Email FBI yang mengejutkan dari Juli mencantumkan Trump sebagai nama pertama di antara "positive case hits" orang-orang terkenal dalam file tersebut, mencatat bahwa "satu korban yang teridentifikasi mengklaim pelecehan oleh Trump tetapi akhirnya menolak untuk bekerja sama." Mantan pejabat senior DOJ mengatakan kepada Sollenberger bahwa bahasa tersebut menunjukkan jaksa mendekati wanita itu tentang mengejar penyelidikan kriminal perdagangan seks anak terhadap Trump, yang ia tolak.

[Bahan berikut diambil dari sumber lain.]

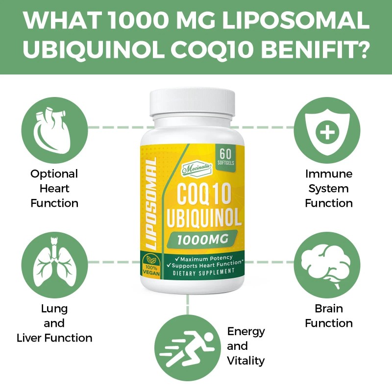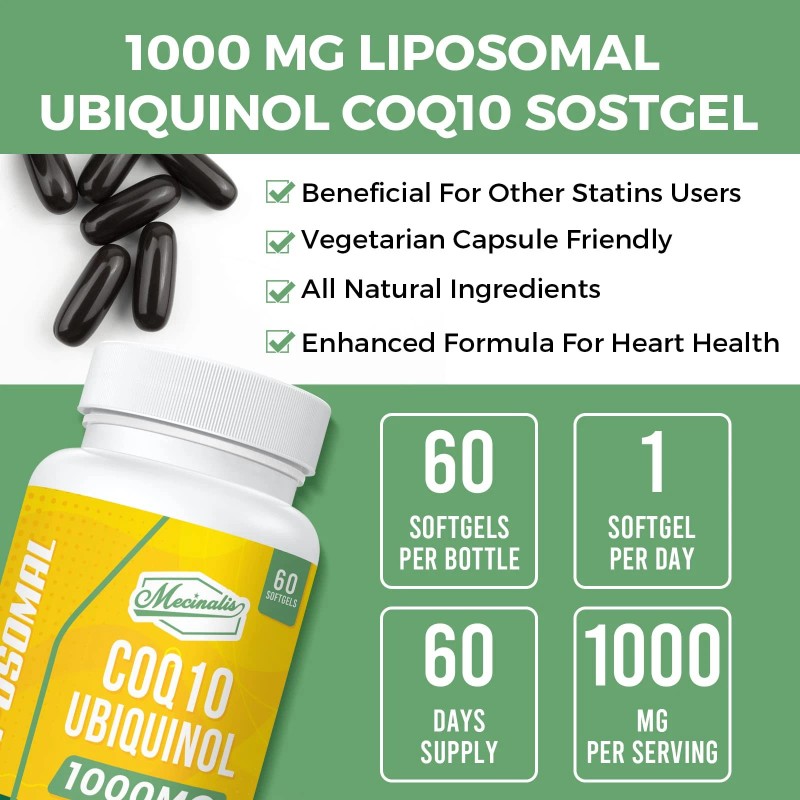 - MAXIMUM STRENGTH UBIQUINOL CoQ10 1000MG – CoQ10 levels in the heart and body may begin to naturally decline after age 40, while statin drugs may deplete the body’s CoQ10 levels. Mecinalis CoQ10 Ubiquinol supplement features double potency co q10. Liposomal CoQ10 1000mg supplement provides 1000mg per soft gel for a 60-day supply, beneficial to get your natural CoQ10 levels.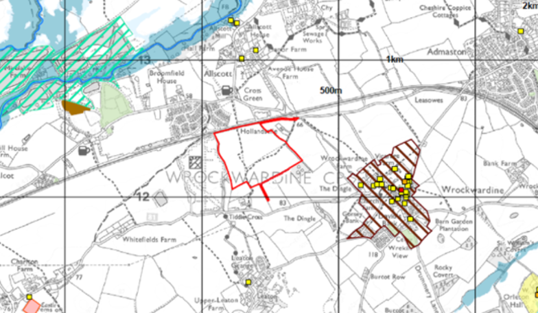 - The site is located on land circa 400m to the north-west of the village of Wrockwardine, which is itself circa 1km to the west of the urban area of Telford.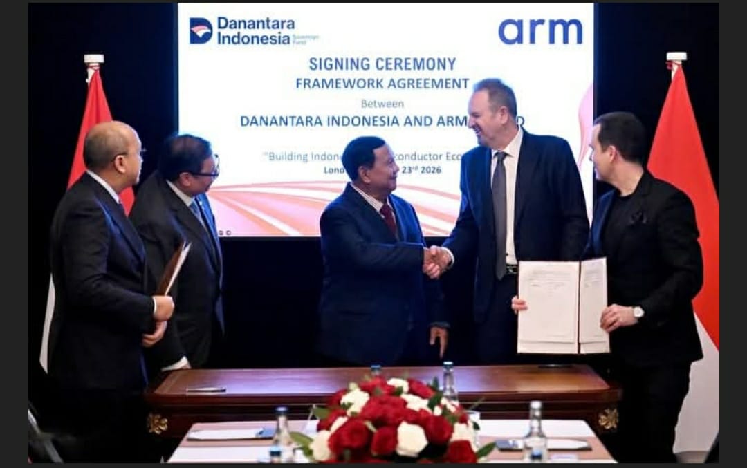 DetikSR.id Inggris, Presiden Prabowo saksikan kemitraan Danantara–Arm, Indonesia percepat lompatan industri semikonduktor Presiden RI Prabowo Subianto menyaksikan penandatanganan perjanjian kerangka kerja antara Badan Pengelola Investasi Danantara (BPI Danantara) dan Arm Limited, di London, Inggris, (23/02/2026),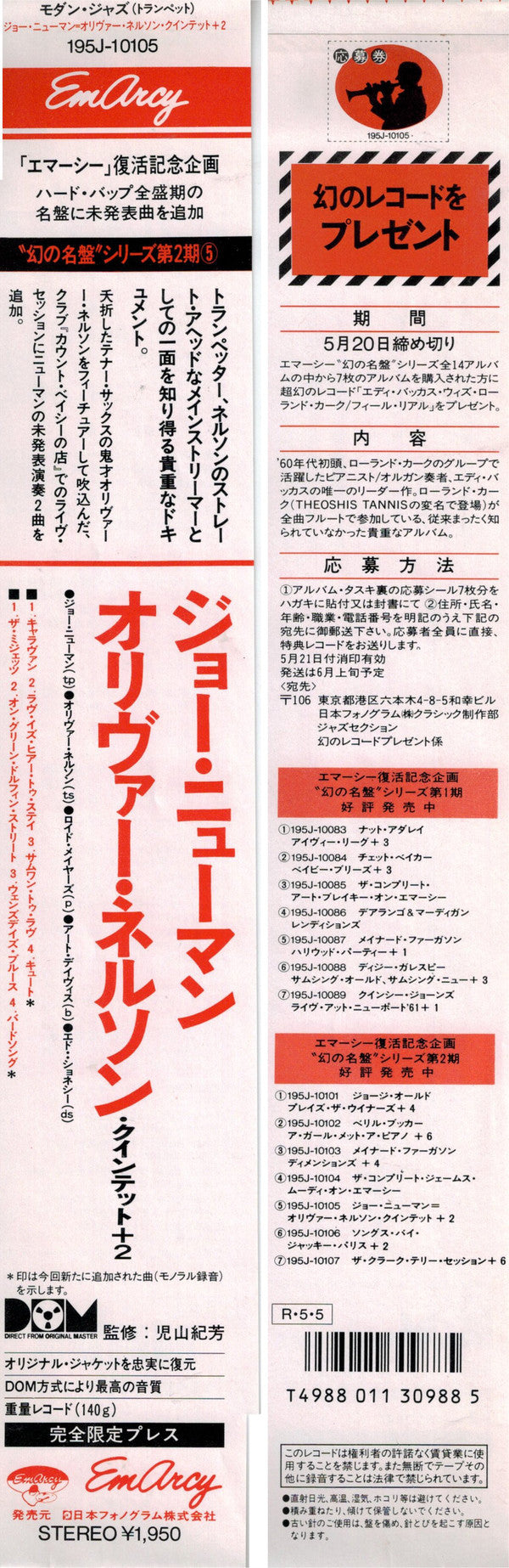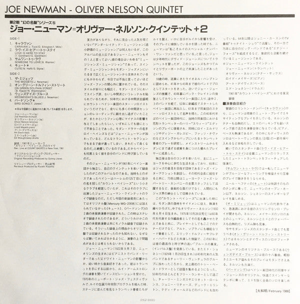 Recorded "live" at Count Basie's, New York City, 1961 On LP Label (A / B) the group is named as " Joe Newman - Oliver Nelson Quintet" Track B5 = Additional track (Mono), previously not included in original album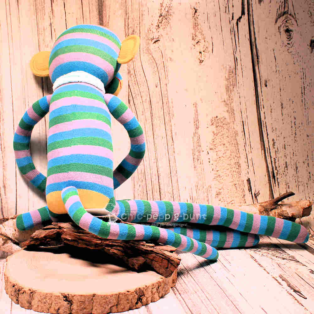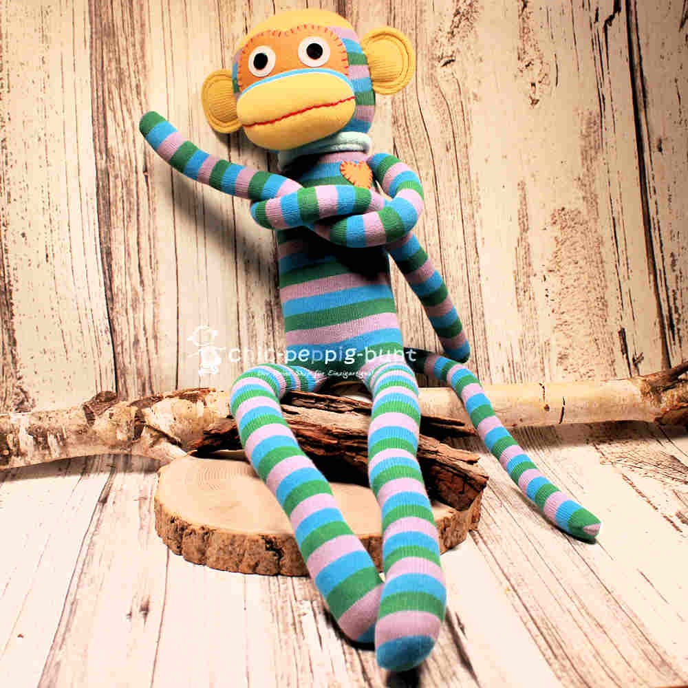 Riesengroßes Affentheater: Der XXL Sockenaffe in Grün-Blau-Grau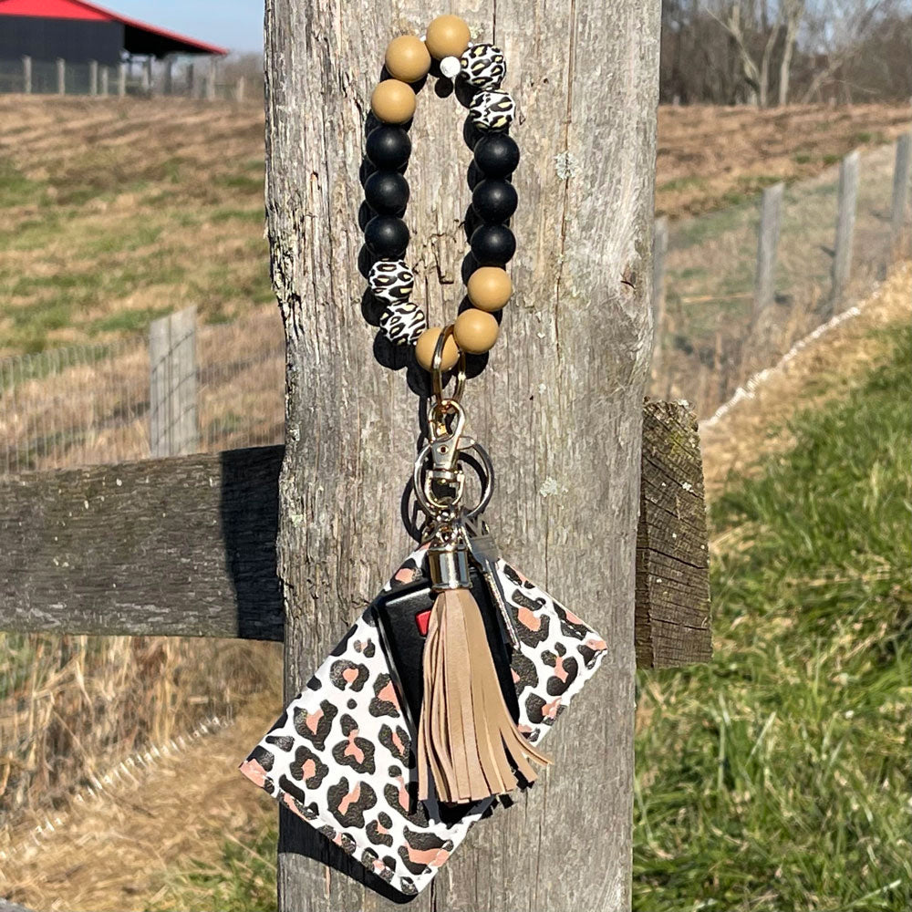 - Unique Design - This key chain wristlet bracelet is thoughtfully crafted with vibrant silicone beads in colors such as hot pink, blue, teal, coral, purple, red and black. If she loves cheetah, preppy, or cow print then she'll love this set.

Wanita tersebut menyebutkan "ketakutan akan pembalasan" ketika nama Trump muncul dalam wawancara FBI-nya. Dia menggugat harta Epstein pada 2019 dan menerima penyelesaian finansial, tetapi tidak menyebutkan nama Trump secara publik dalam pengaduannya.
Jaksa memberikan tim hukum Ghislaine Maxwell, kaki tangan Epstein yang telah dihukum, empat wawancara FBI dengan penuduh Trump, tetapi hanya merilis satu kepada publik. DOJ menahan tiga catatan FBI yang menyertainya meskipun menyatakan di pengadilan bahwa file kasus asli ini tidak tunduk pada perintah perlindungan yang mengatur kasus Maxwell dan secara hukum dapat dirilis.
Wakil Jaksa Agung Todd Blanche menolak pertanyaan tentang merilis materi yang tersisa dalam konferensi pers, menyatakan "tidak ada yang bisa saya lakukan tentang itu."
Trump telah mengeluarkan penolakan menyeluruh terhadap pelecehan seksual di masa lalu, mengklaim bahwa itu "tidak pernah, tidak pernah terjadi" dan bahwa semua tuduhan terhadapnya adalah kebohongan yang dibuat-buat atau serangan bermotif politik.